◆ Data items ◆
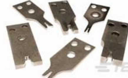
TE 系列/零件编号 1-456401-6 CRIMPER, WIRE .042 "F"
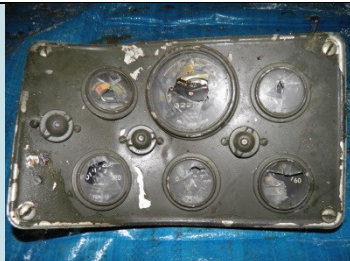
PANNELLO CON QUADRANTI Radionuclide: Ra-226 Provenienza:
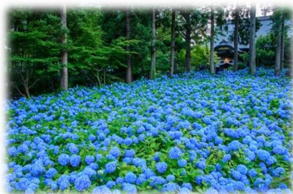
↑ 雲昌寺のアジサイ
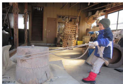
▲昔の木製臼 紐を左右に動かして 粃取りや粉にする
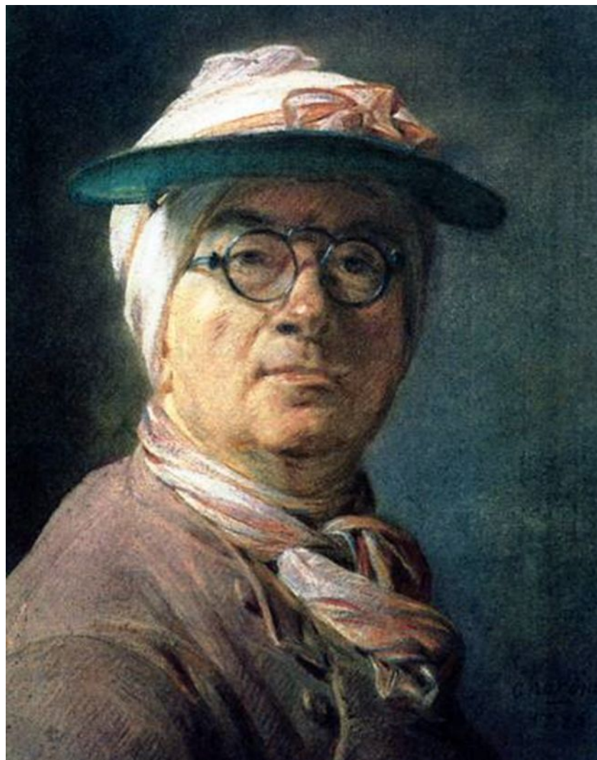
Жан-Батист Симеон Шарден (1699— 1779)

◆ TASK REQUIREMENTS ◆
Please retype the data exactly, but do not carry over any picture.

◆ ANSWER SECTION ◆
TE 系列/零件编号 1-456401-6 CRIMPER, WIRE .042 "F"
PANNELLO CON QUADRANTI Radionuclide: Ra-226 Provenienza:
↑ 雲昌寺のアジサイ
▲昔の木製臼 紐を左右に動かして 粃取りや粉にする
Жан-Батист Симеон Шарден (1699— 1779)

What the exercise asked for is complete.